By Nathalie M. O'Brien posted 05-25-2017 12:45

  

Presented at the 2017 LMA QuickStart® - Legal Marketing Essentials at the LMA Annual Conference, by Gia Altreche and Nathalie Daum

Summary by Nathalie Daum, Regional Director of Business Development and Marketing, Dickinson Wright PLLC, for the May 2017 LMA Southwest #LMA17 Conference Recap.

The presentation focused on the business development basics, including knowing your firm and a variety of important elements.

We covered the importance of knowing your firm, including having a clear definition of the firm’s goals and measurements, and asking the right questions to get that information. The group was given a sheet of important questions to consider asking their attorneys.

Gia covered knowing your firm’s focus areas, including their client base and targeted industries. Speaking with accounting to uncover the client industries, who their competitors are, and who has relationships with them. The same applies to your inactive client base (former clients) and prospective clients.

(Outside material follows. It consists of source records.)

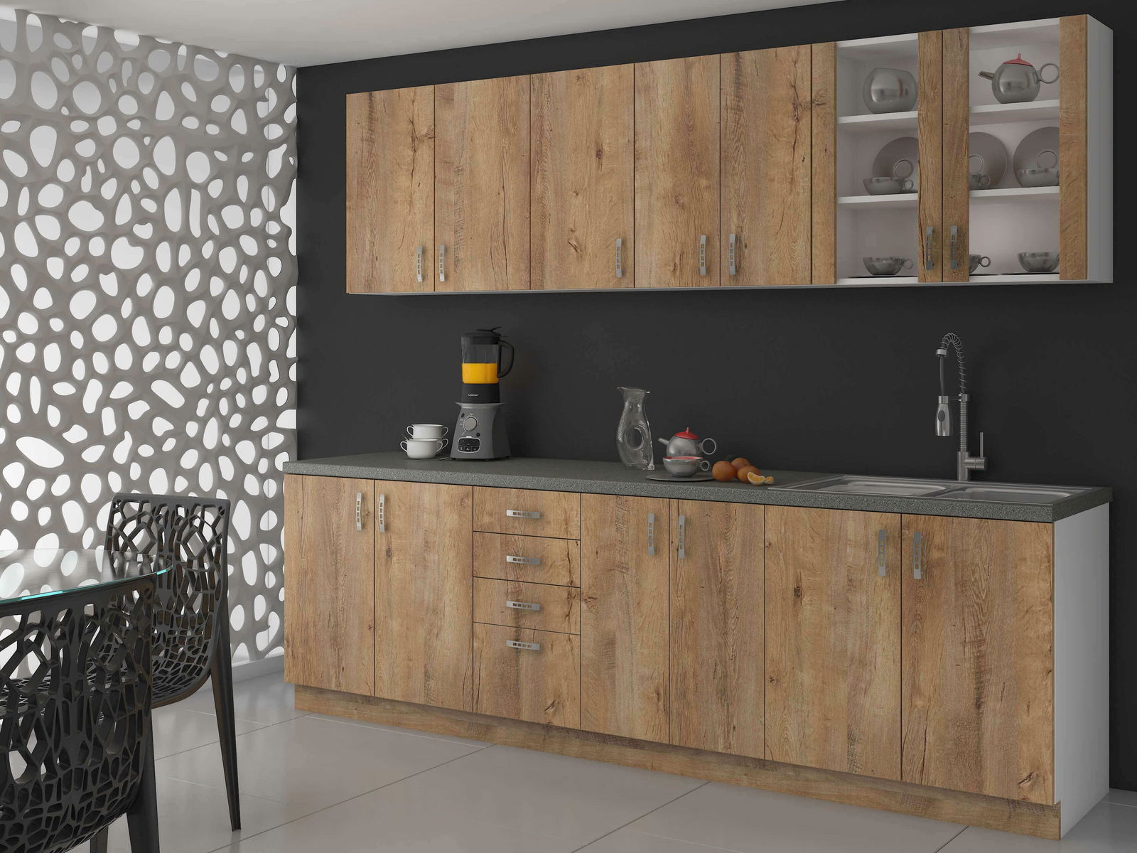 Kuchyně Sylrona 85 v kombinaci dub lefkas a bílá je ideálním řešením pro ty, kteří hledají moderní a praktický nábytek do své domácnosti. Její světlé barevné provedení opticky zvětšuje prostor a dodává interiéru svěžest. Vyrobená z kvalitní laminované dřevotřísky s melaminovými okraji, tato kuchyňská sestava zaručuje dlouhou životnost a odolnost vůči každodennímu opotřebení. Univerzální dvířka umožňují montáž na pravou i levou stranu, což zvyšuje flexibilitu při instalaci. Kuchyně Sylrona 85 je ideální volbou pro ty, kteří hledají stylové a funkční řešení pro svůj domov. Její moderní design a kvalitní materiály z ní dělají investici, která se vyplatí.
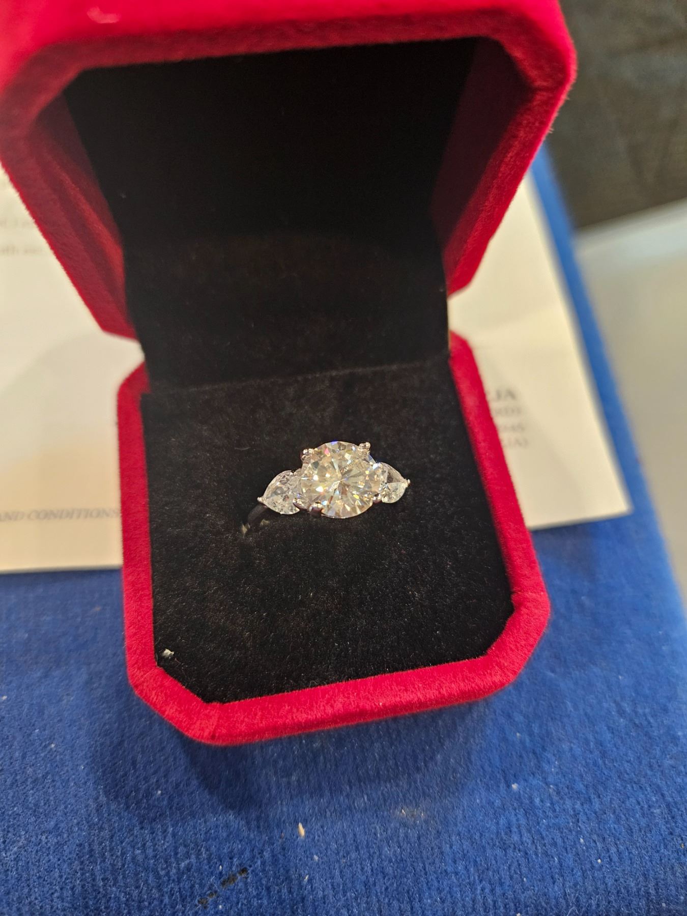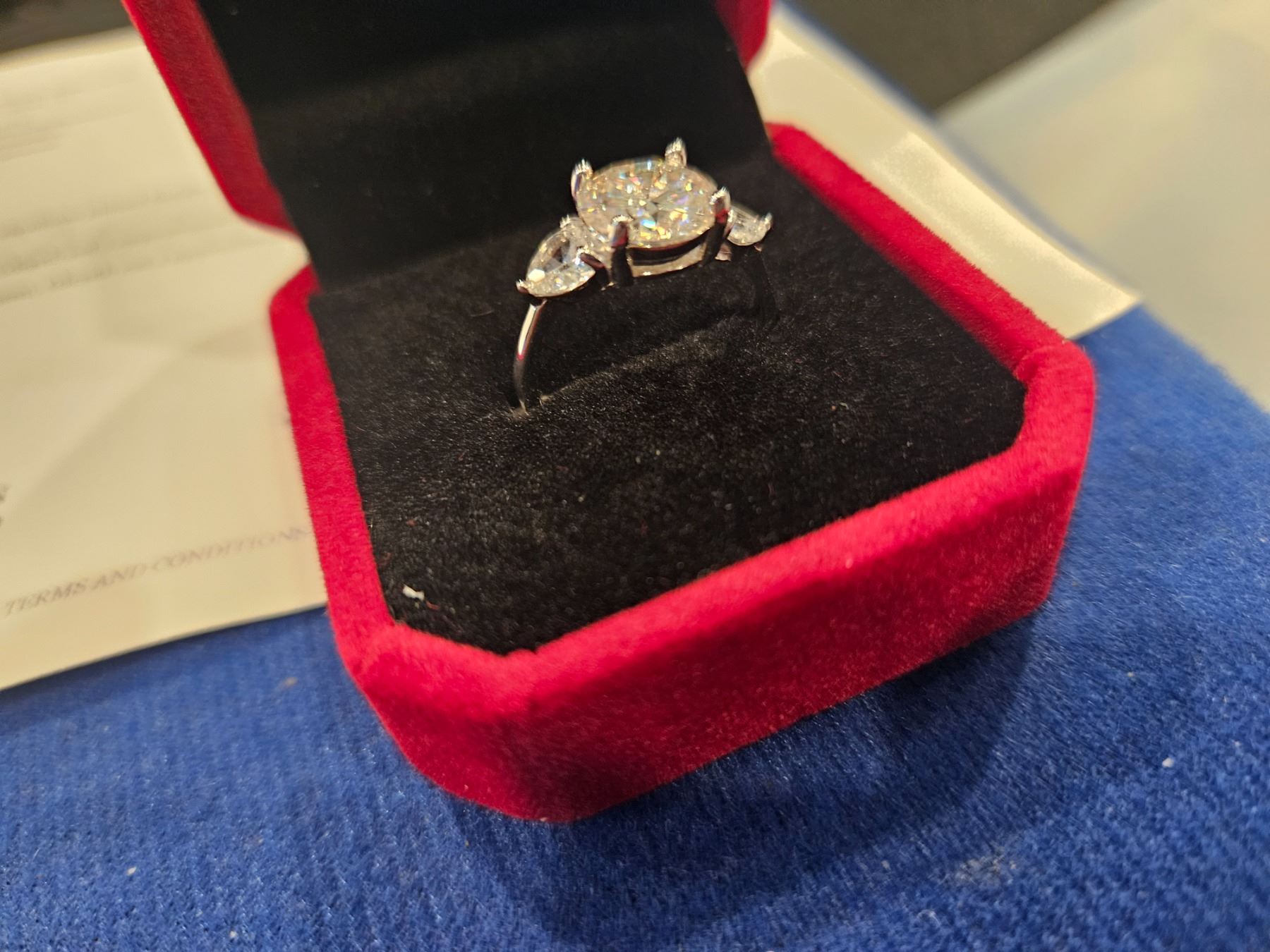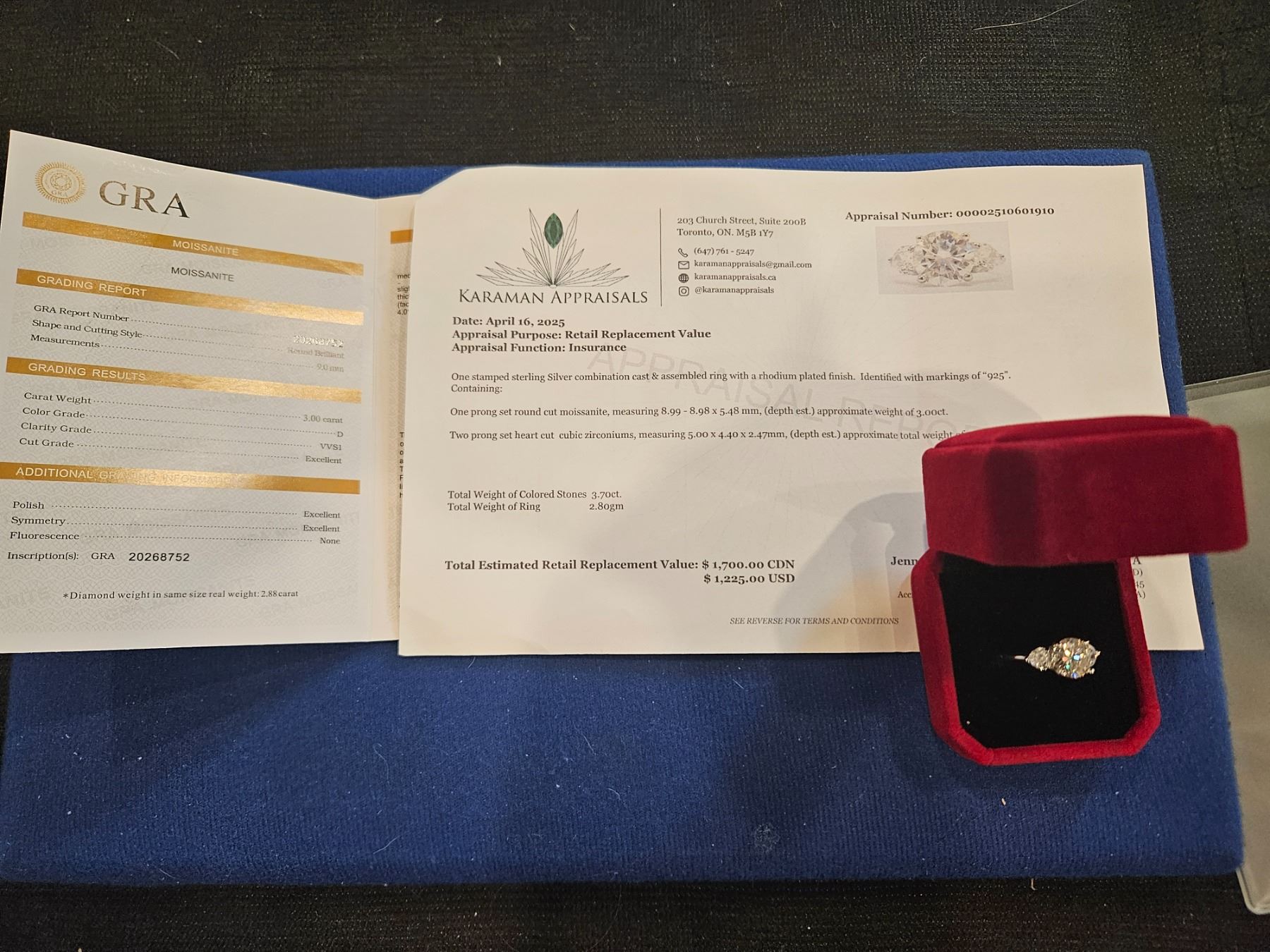 3.00 CT GRA CERTIFIED ROUND BRILLIANT CUT MOISSANITE STONE VVS D COLOR WITH HEART SHAPED CUBIC ZIRCONIA SET ON EITHER SIDE SET IN 925 SILVER RING SIZE 7 RETAIL VALUE $1,700.00
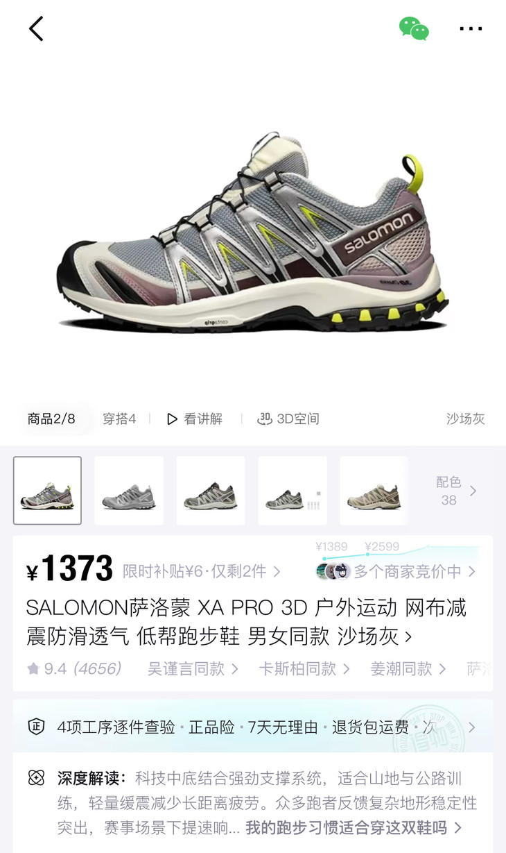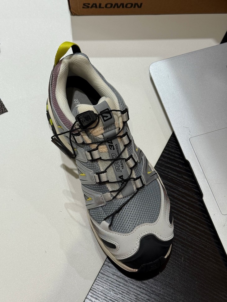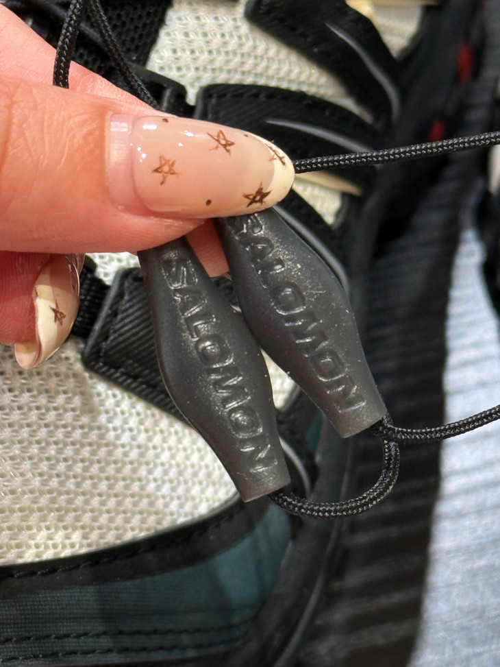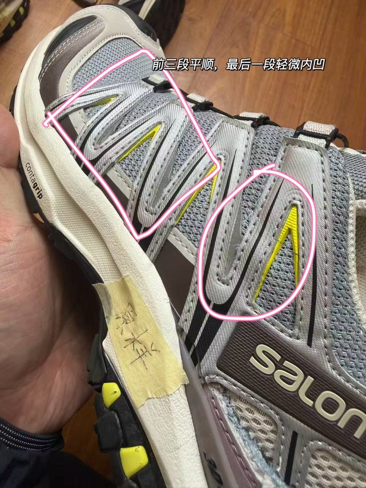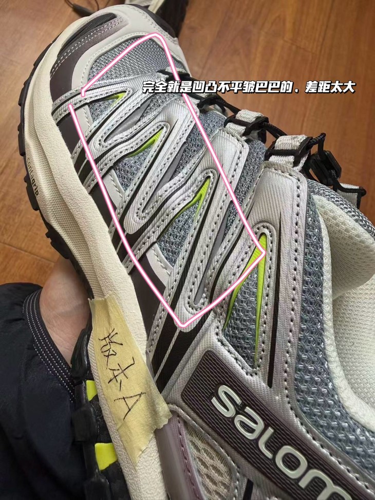 侧身是磨砂立体太空,不同位置材质不同,我能保证的所有东西和正品没区别。上脚后你就懂为什么独家的salomon一直被追问
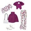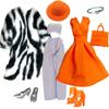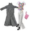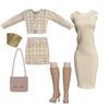 Elegantes Puppenoutfit für 1/6 Puppe Modepuppe Rosa Hahnentritt-Kleid Hut Goldener Gürtel Handtasche mit Schuhen Set
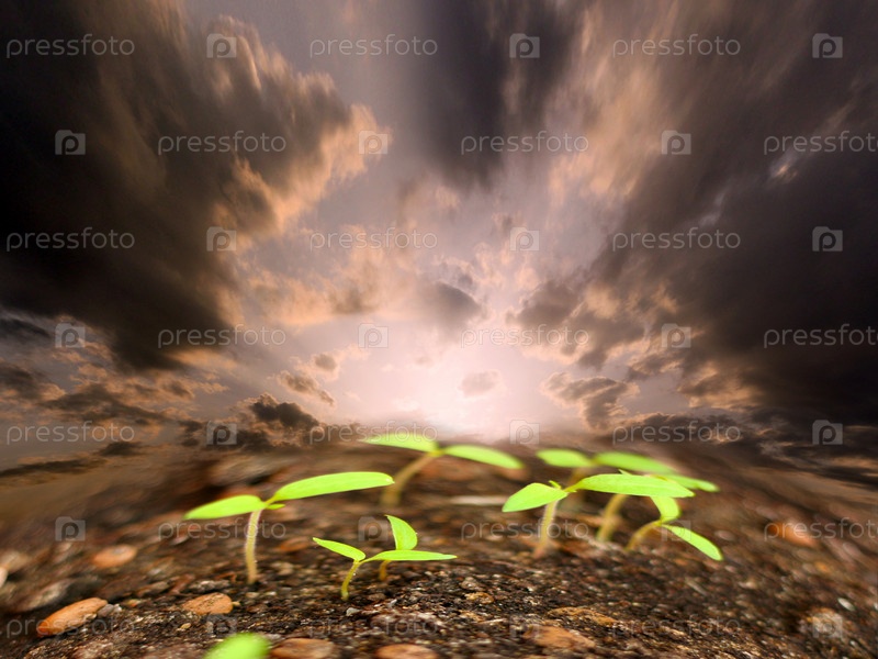 Молодые побеги под облачным небом
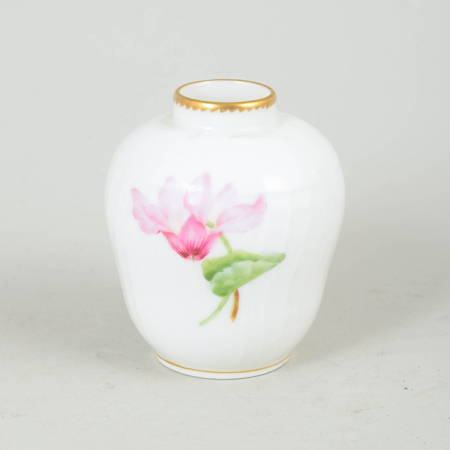 Hand-painted porcelain vase decorated with Saxon flower motif on white glaze, finished with gilded rim at the neck and foot.
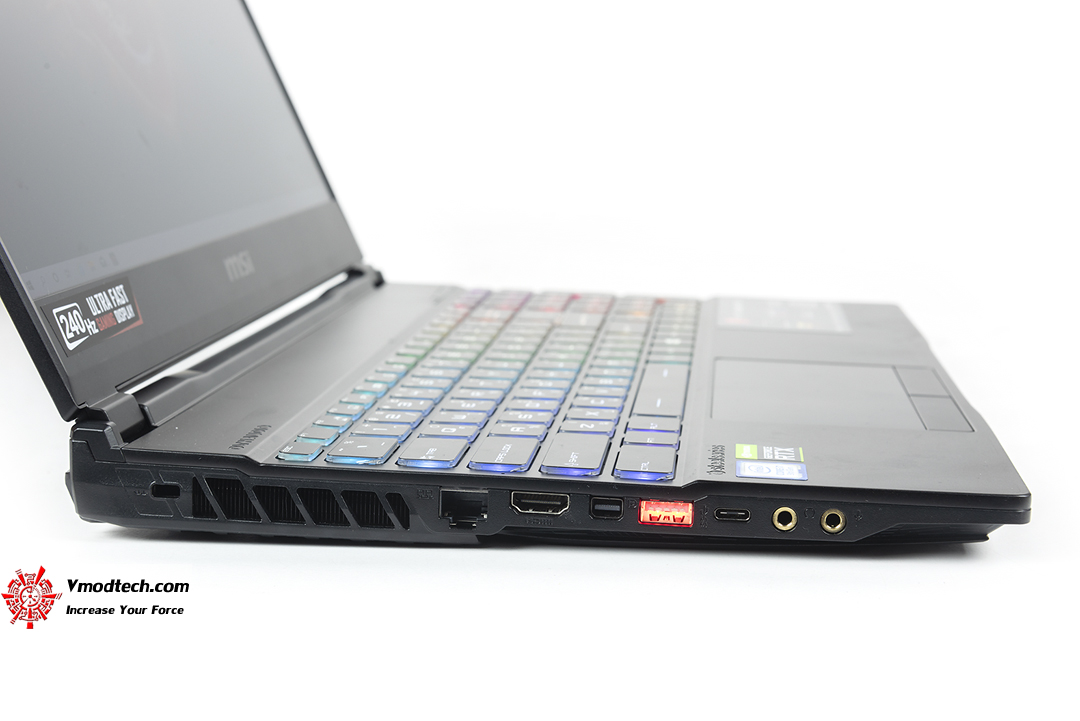 ด้านข้างซ้ายมือของตัวโน๊ตบุ๊คจะเป็นช่องที่เจาะมาเพื่อจะระบายความร้อนอุปกรณ์ภายใน ถัดมาจะเป็นช่องเสียบสายแบน พอร์ดวีดีโอเอาท์พุทแบบ HDMI ที่สามารถปล่อยความละเอียด 4K ที่ 60 Hz และ Mini DisplayPort, USB 3.2 เจน 2 Type A และ Type C อย่างละช่อง และขวาสุดในรุปจะเป็นช่องเสียบหูฟังและไมค์ครับ

She also covered knowing your toolbox within the firm; those programs and resources that can help are crucial. Gia discussed the importance of CRMs and ERMs, tools such as research tools (Manzama, MonitorSuite, AtVantage, Google Alerts, etc.) and content syndicator tools (Lexology, JD Supra, National Law Review, Mondaq, etc.). We also discussed the invaluable information that can be found in SEC reports. We discussed research as a whole and that often the research requests, RFP requests and new matter reports are great keys to who your firm is pitching as a prospect.

The importance of face to face interaction with the clients/prospective clients was also discussed. We recommended that they encourage attorneys to do on-site tours or training sessions, meetings for end of matter/quarterly reviews, hold invitation-only events and utilize gamification to engage the attorneys. Client teams and client feedback were also covered, with the best practices for each discussed and provided in handouts. For client teams, we discussed making sure the attorneys listened 80% of the time and ask questions 20% of the time as that is where the opportunities can be found. Client feedback programs need a process and procedure to make sure you are covering the correct bases. Whether you utilize in-person meetings, written surveys, telephone interview or a combination, make sure you have a good mix of top clients and emerging clients (clients with billings on the rise, or who are in emerging industries).